Reproduce the material below line by line, beginning with its first line and ending with the line that contains "Emma and Oliver"; leave out pictures.

Data section =>
%%
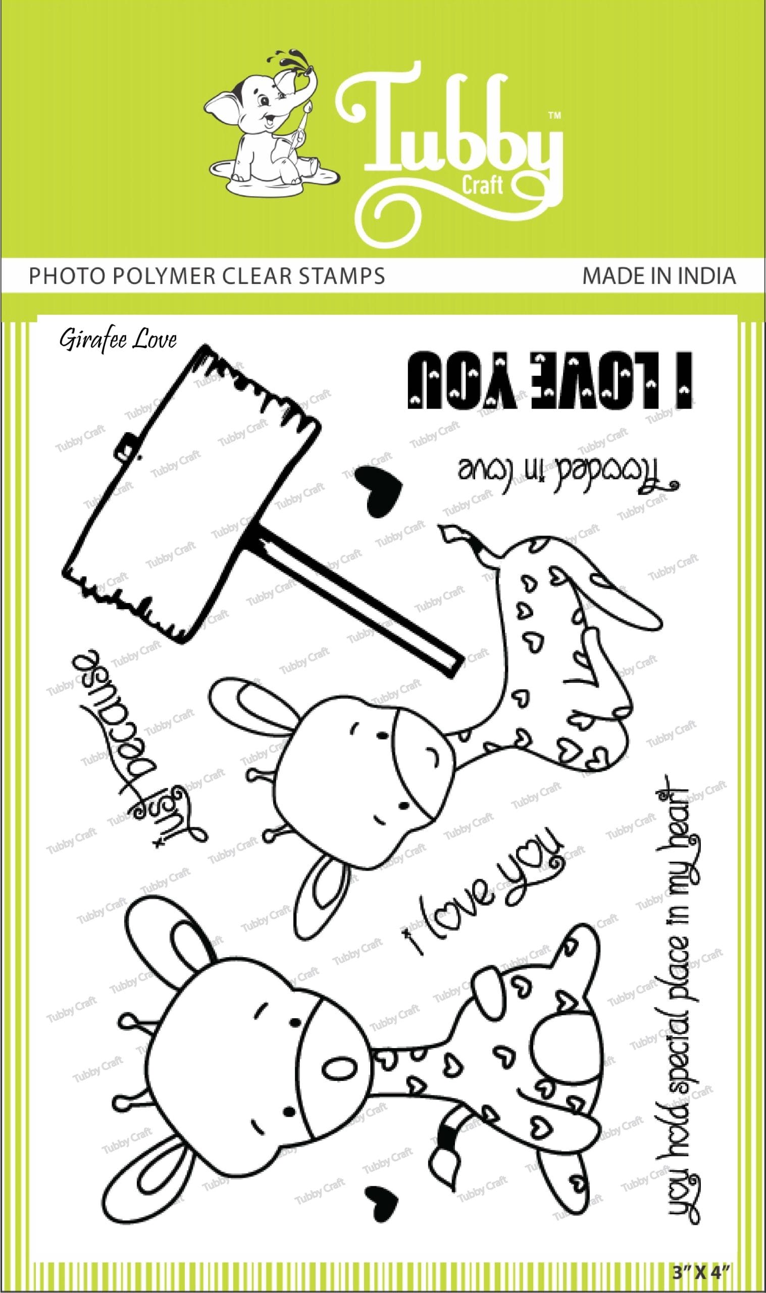Tubby Craft’s photopolymer stamp – Giraffe Love, gives perfect finish each time they are used. Apply to any acrylic block to stamp. This stamp set contains 11 stamps with 4 by 4 backing sheet.
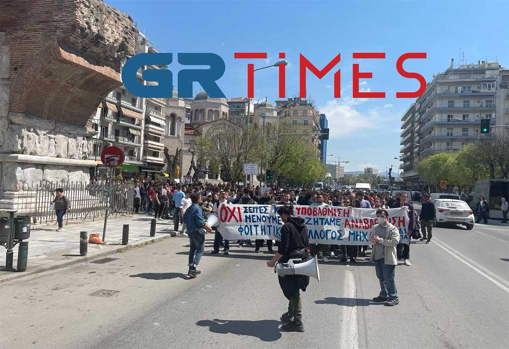Πορεία ενάντια στη μετακόμιση του Τμήματος Μηχανικών Περιβάλλοντος του ΔΙΠΑΕ (Διεθνές Πανεπιστήμιο) Θεσσαλονίκης και Καβάλας στις Σέρρες, πραγματοποιούν αυτήν την ώρα φοιτητές στο κέντρο της Θεσσαλονίκης.
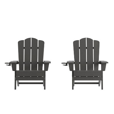 Emma and Oliver Set of 2 Adirondack Chairs with Cup Holders, Weather Resistant HDPE Adirondack Chairs in Gray
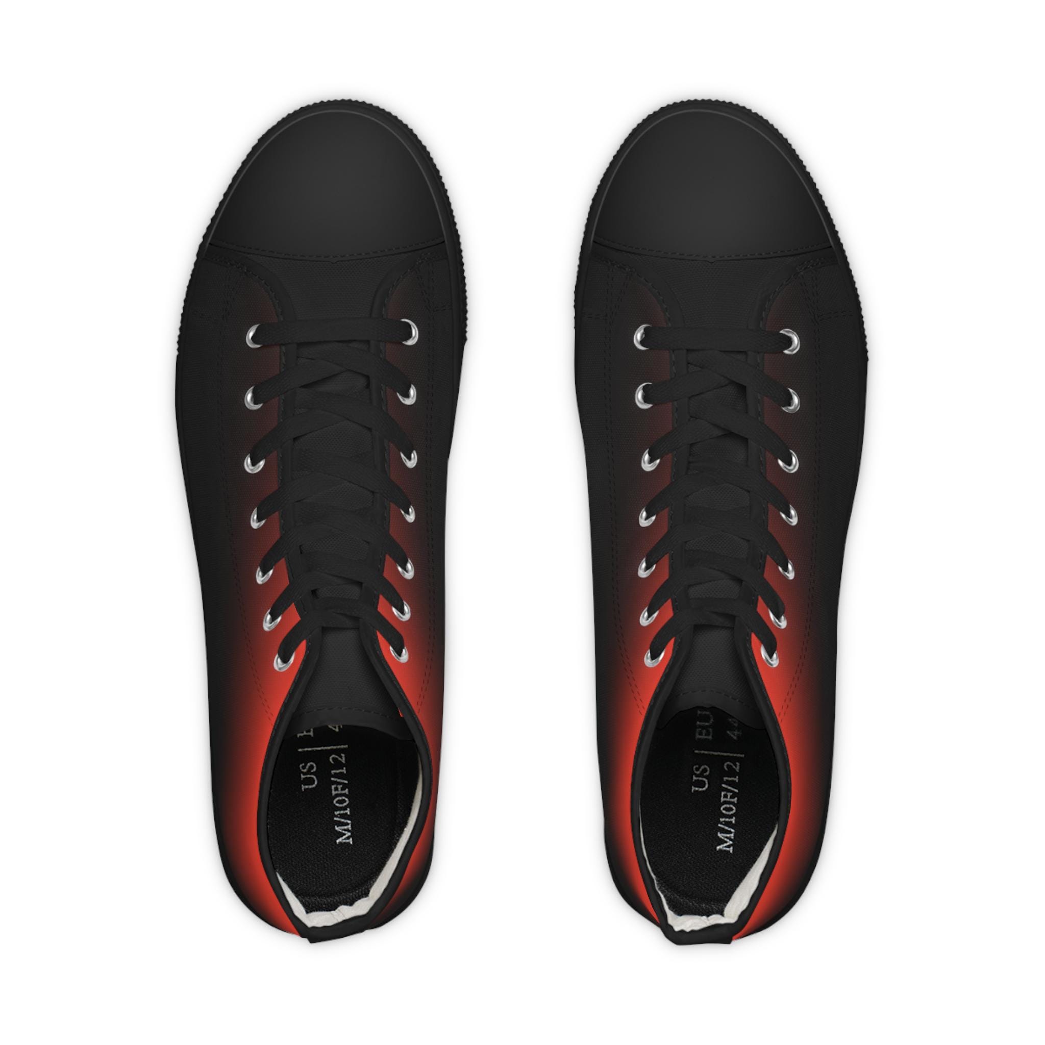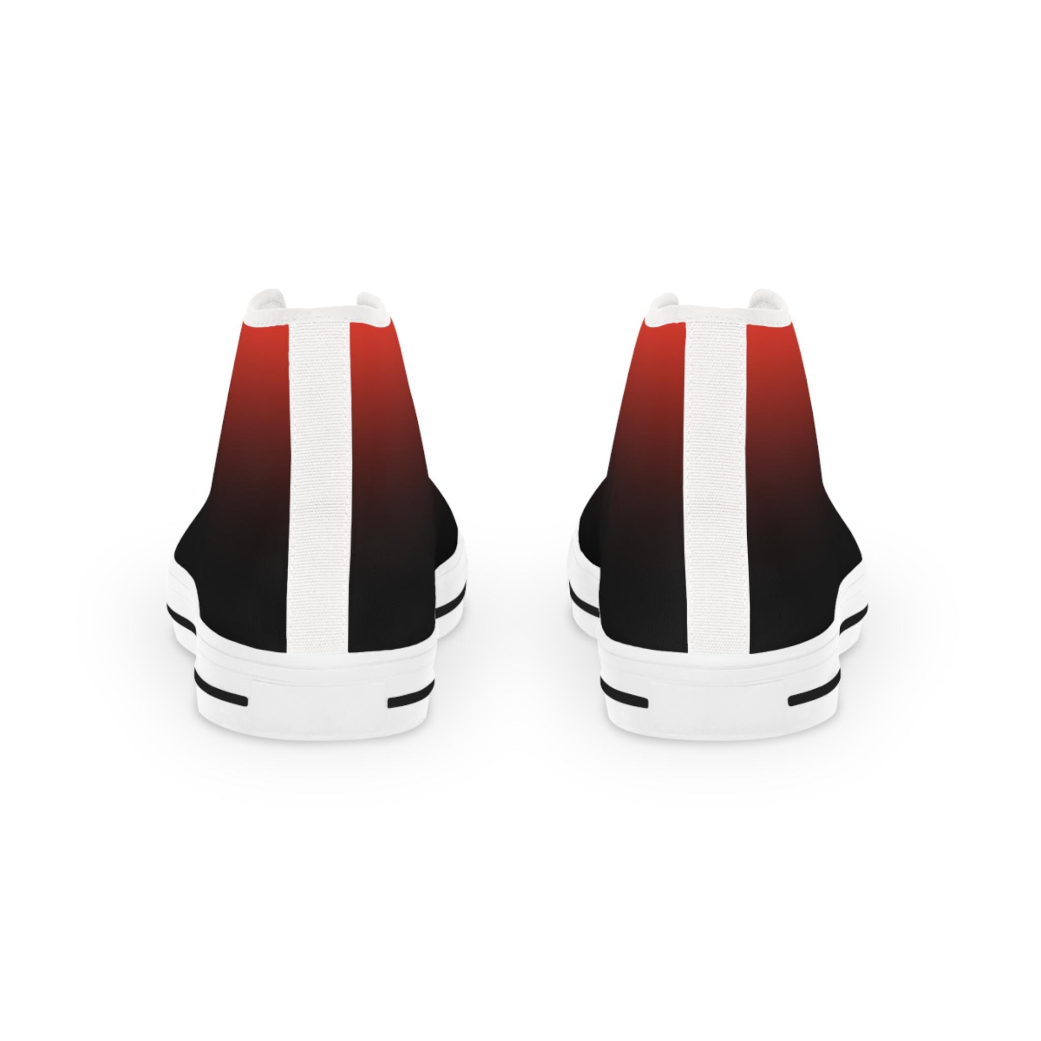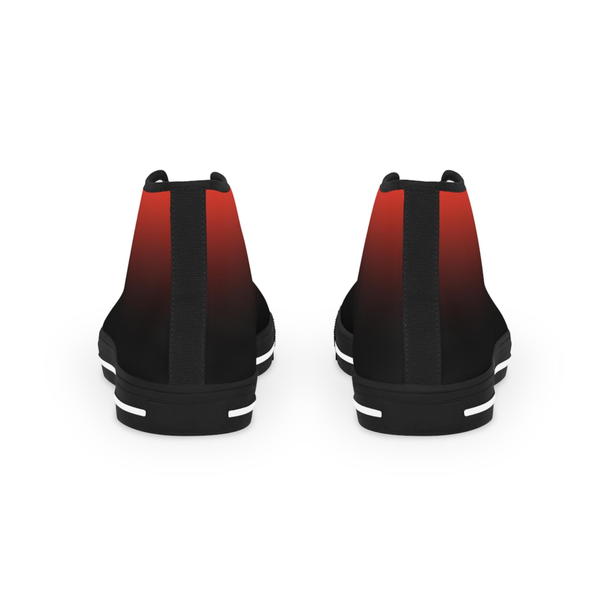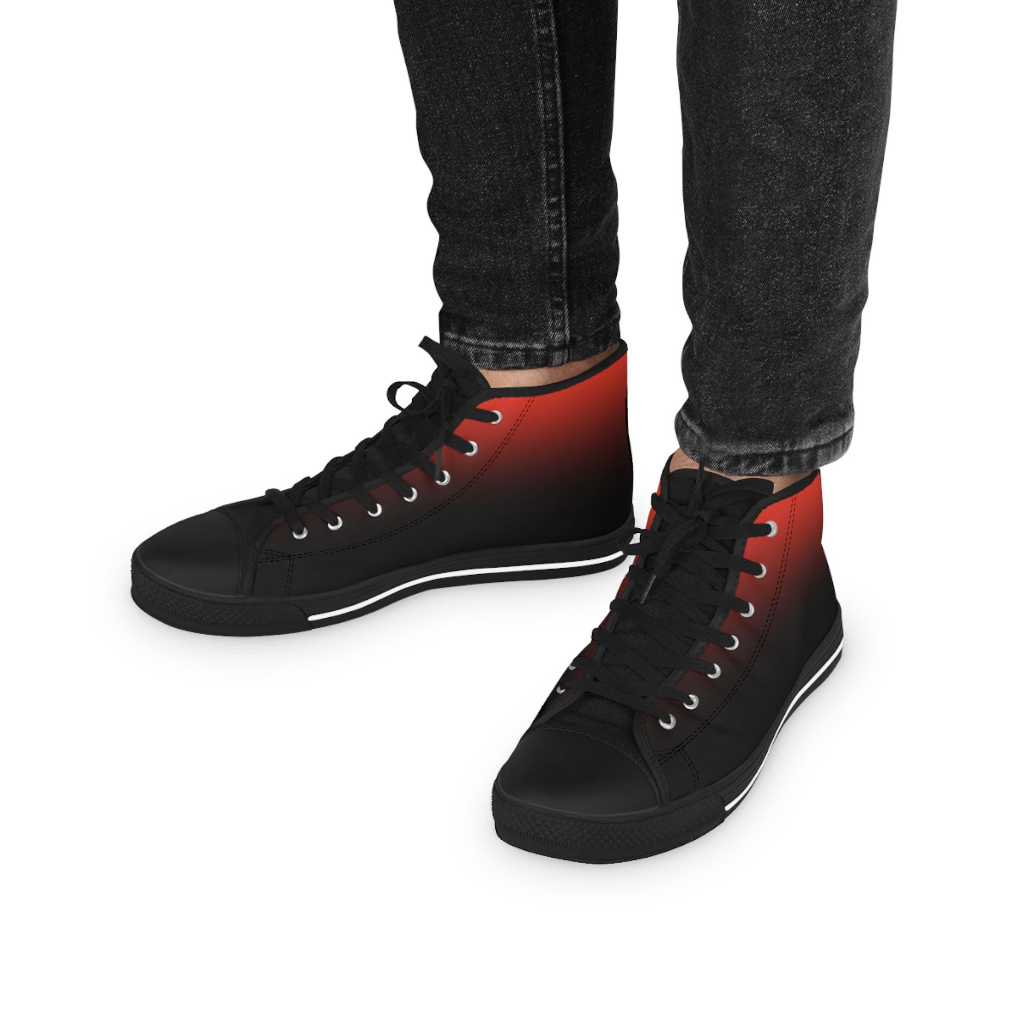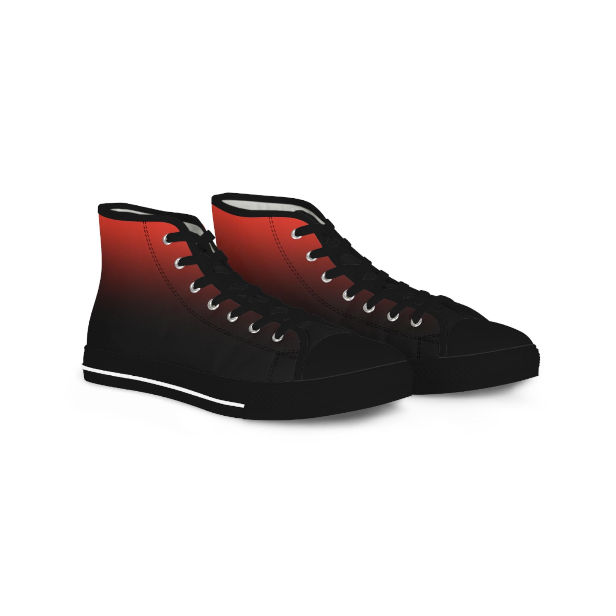 These high-top canvas sneakers bring a quiet, streetwise energy to every step. The subtle red-to-black gradient wraps the full shoe — sides and tongue — fading into crisp white toe caps and laces. Lightweight polyester canvas and a foamed lining keep them soft against your feet, while EVA memory-foam insoles cushion each stride and absorb impact. Reinforced pleather toes and a durable rubber outsole stand up to daily wear, and silver metal eyelets add a sharp, utilitarian detail. Wear them with rolled jeans or a laid-back outfit to add a hint of edge and color without shouting — they settle into your routine and make the everyday feel intentional.
%%
Result =>
Tubby Craft’s photopolymer stamp – Giraffe Love, gives perfect finish each time they are used. Apply to any acrylic block to stamp. This stamp set contains 11 stamps with 4 by 4 backing sheet.
Πορεία ενάντια στη μετακόμιση του Τμήματος Μηχανικών Περιβάλλοντος του ΔΙΠΑΕ (Διεθνές Πανεπιστήμιο) Θεσσαλονίκης και Καβάλας στις Σέρρες, πραγματοποιούν αυτήν την ώρα φοιτητές στο κέντρο της Θεσσαλονίκης.
 Emma and Oliver Set of 2 Adirondack Chairs with Cup Holders, Weather Resistant HDPE Adirondack Chairs in Gray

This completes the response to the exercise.